Exercise objective >> Copying rule for the data below: pictures stay out, and only the lines from the one with "Indulge in the" down to the one with "Die integrierte Einbauküche", inclusive, are repeated exactly.

Given records >>
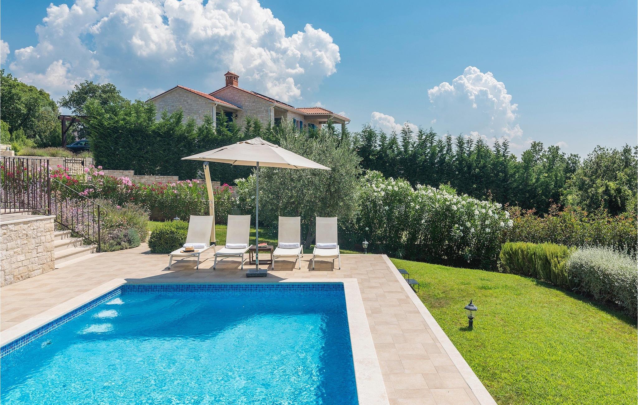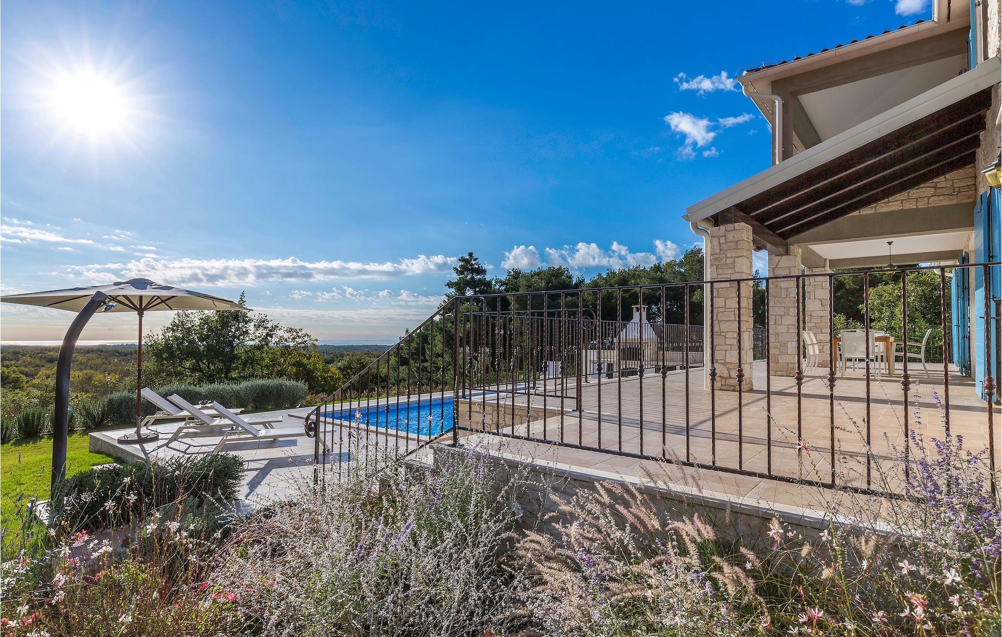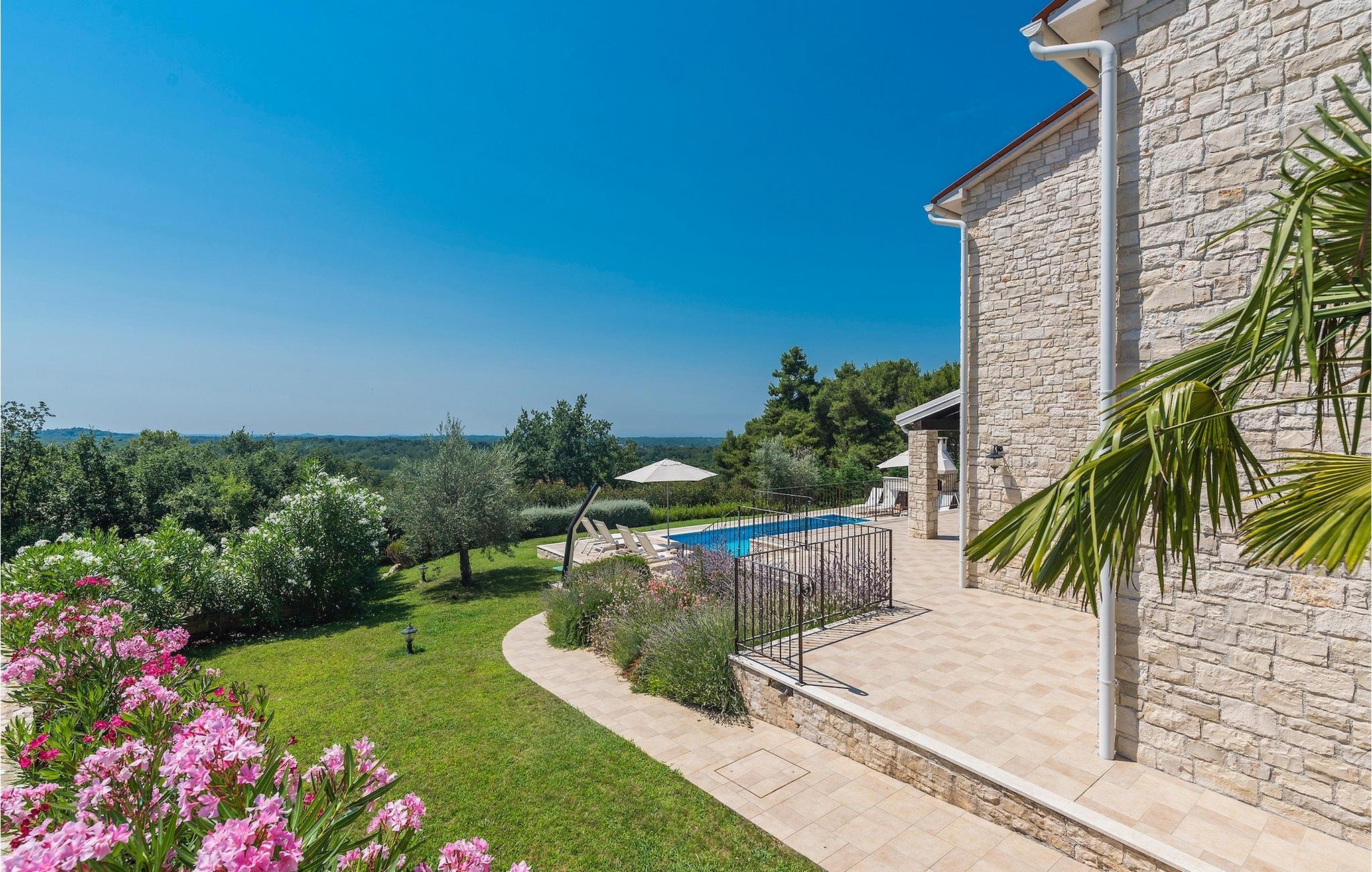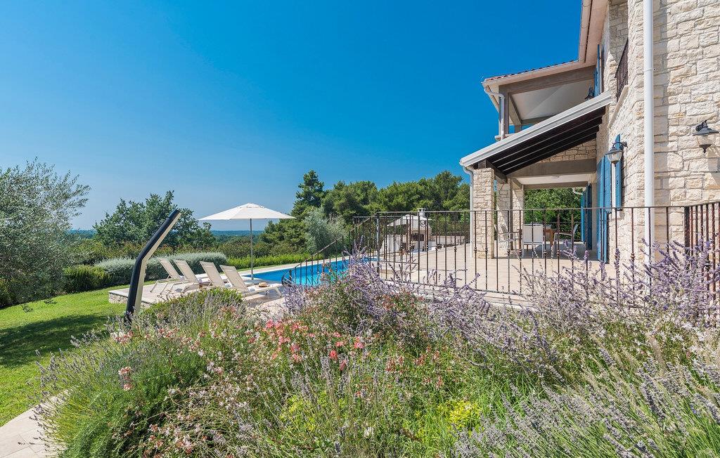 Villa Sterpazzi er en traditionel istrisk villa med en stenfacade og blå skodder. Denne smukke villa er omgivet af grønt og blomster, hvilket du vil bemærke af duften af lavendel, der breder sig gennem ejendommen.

...

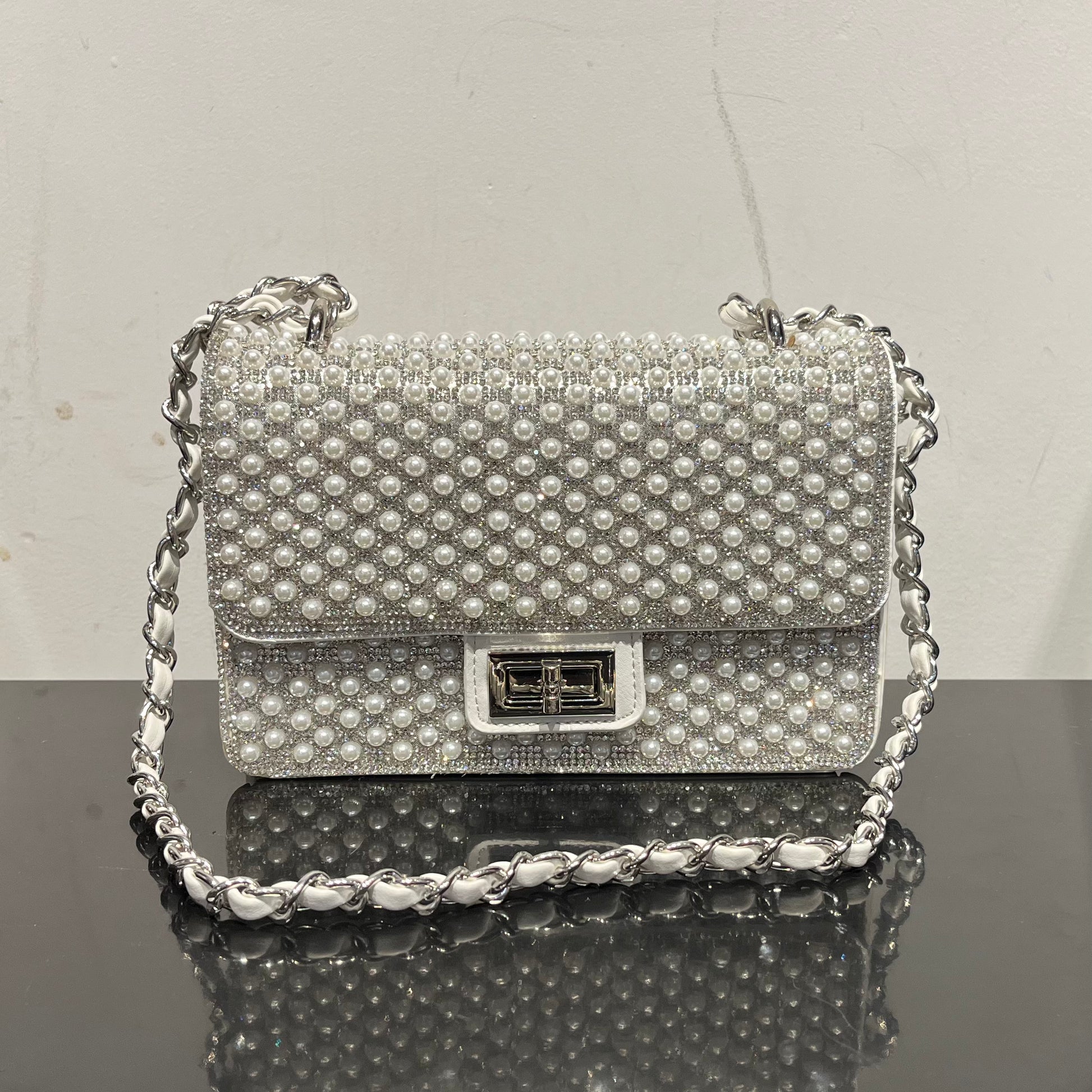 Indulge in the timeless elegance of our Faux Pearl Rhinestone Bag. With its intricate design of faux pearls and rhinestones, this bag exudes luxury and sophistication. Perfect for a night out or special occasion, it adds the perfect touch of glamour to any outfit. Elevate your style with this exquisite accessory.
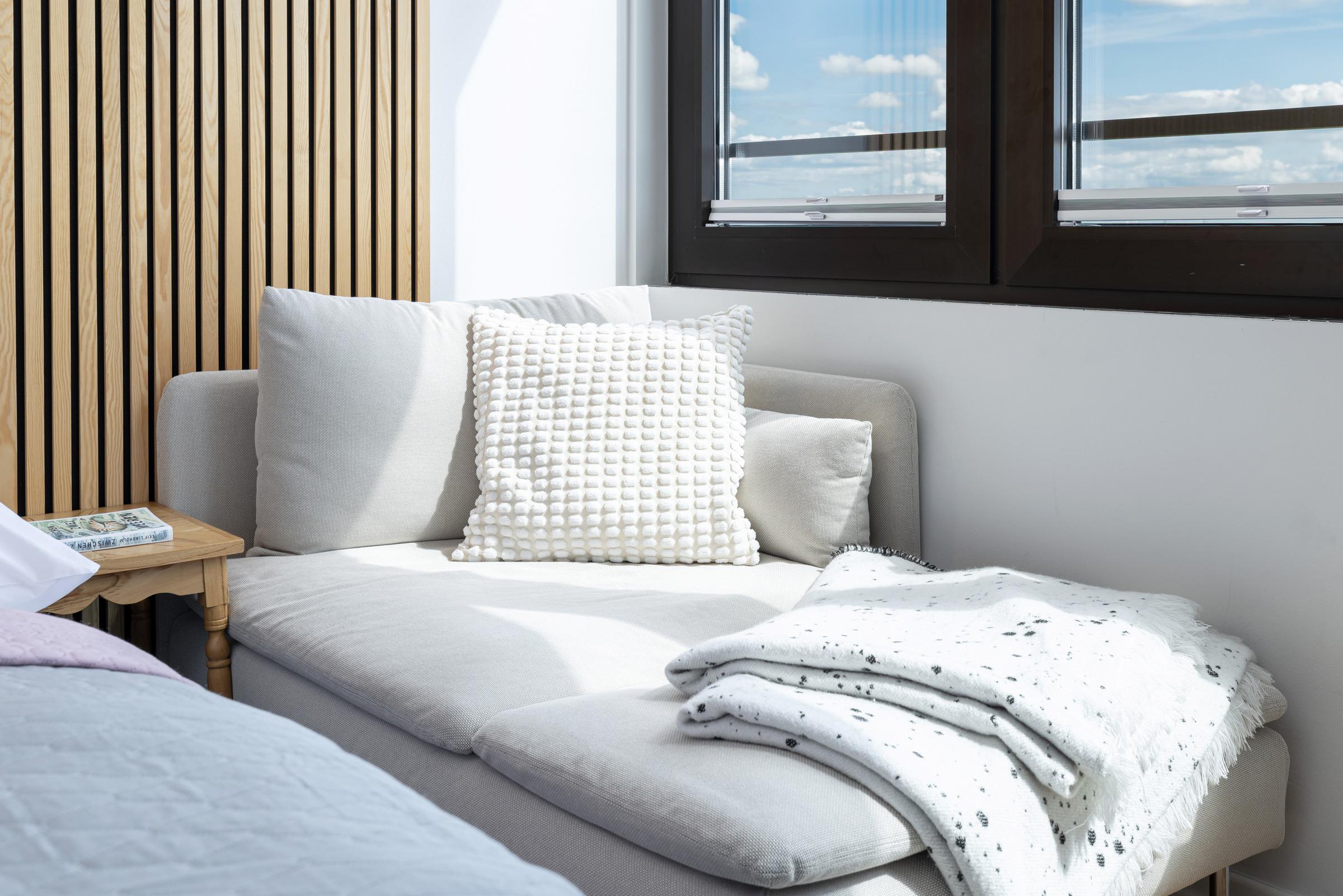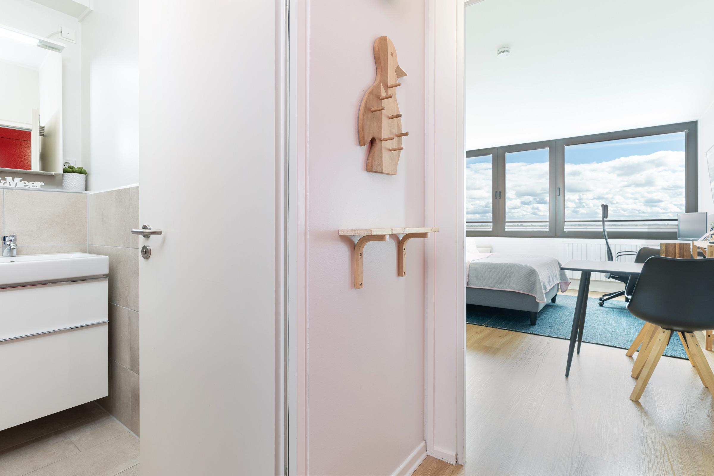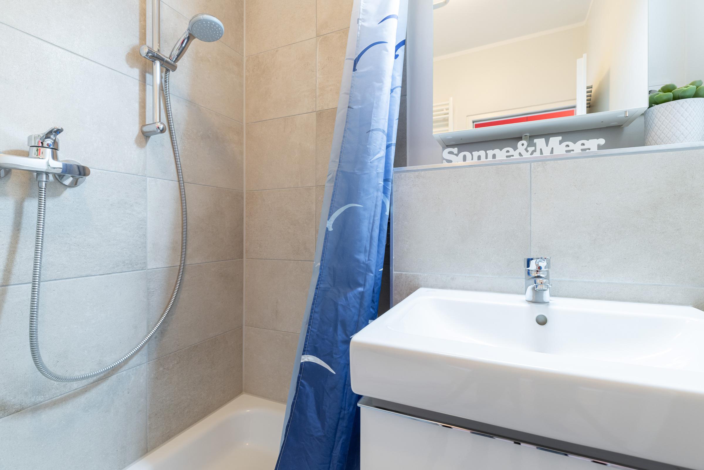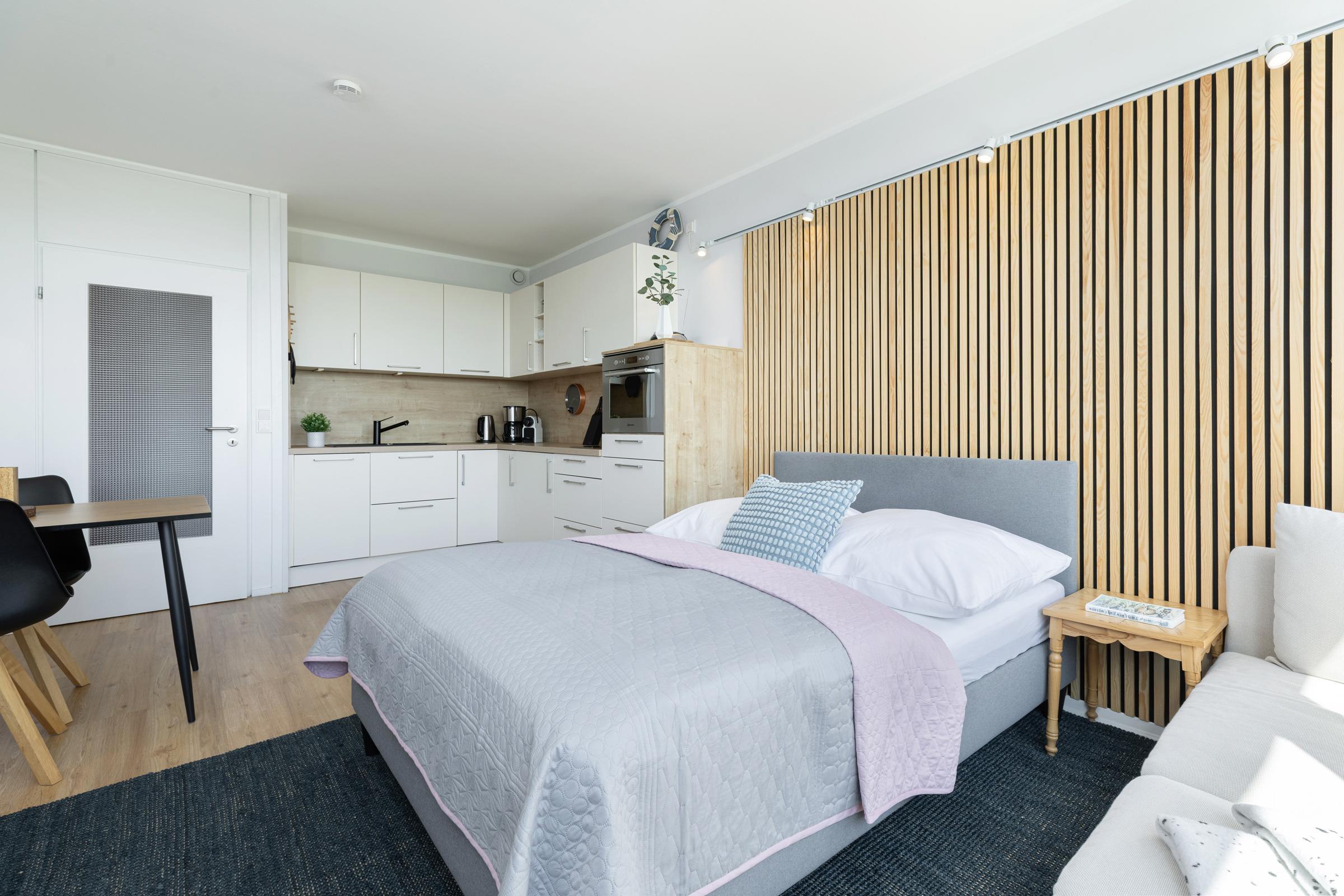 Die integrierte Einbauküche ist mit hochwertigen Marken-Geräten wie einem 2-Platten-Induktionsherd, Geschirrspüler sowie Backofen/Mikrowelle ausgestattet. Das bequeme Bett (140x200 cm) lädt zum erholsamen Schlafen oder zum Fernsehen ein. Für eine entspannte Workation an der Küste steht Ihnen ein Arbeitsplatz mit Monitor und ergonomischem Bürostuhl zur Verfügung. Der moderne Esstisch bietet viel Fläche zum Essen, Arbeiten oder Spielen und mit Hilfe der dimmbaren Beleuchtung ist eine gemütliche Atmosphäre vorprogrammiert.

Answer section >>
 Indulge in the timeless elegance of our Faux Pearl Rhinestone Bag. With its intricate design of faux pearls and rhinestones, this bag exudes luxury and sophistication. Perfect for a night out or special occasion, it adds the perfect touch of glamour to any outfit. Elevate your style with this exquisite accessory.
 Die integrierte Einbauküche ist mit hochwertigen Marken-Geräten wie einem 2-Platten-Induktionsherd, Geschirrspüler sowie Backofen/Mikrowelle ausgestattet. Das bequeme Bett (140x200 cm) lädt zum erholsamen Schlafen oder zum Fernsehen ein. Für eine entspannte Workation an der Küste steht Ihnen ein Arbeitsplatz mit Monitor und ergonomischem Bürostuhl zur Verfügung. Der moderne Esstisch bietet viel Fläche zum Essen, Arbeiten oder Spielen und mit Hilfe der dimmbaren Beleuchtung ist eine gemütliche Atmosphäre vorprogrammiert.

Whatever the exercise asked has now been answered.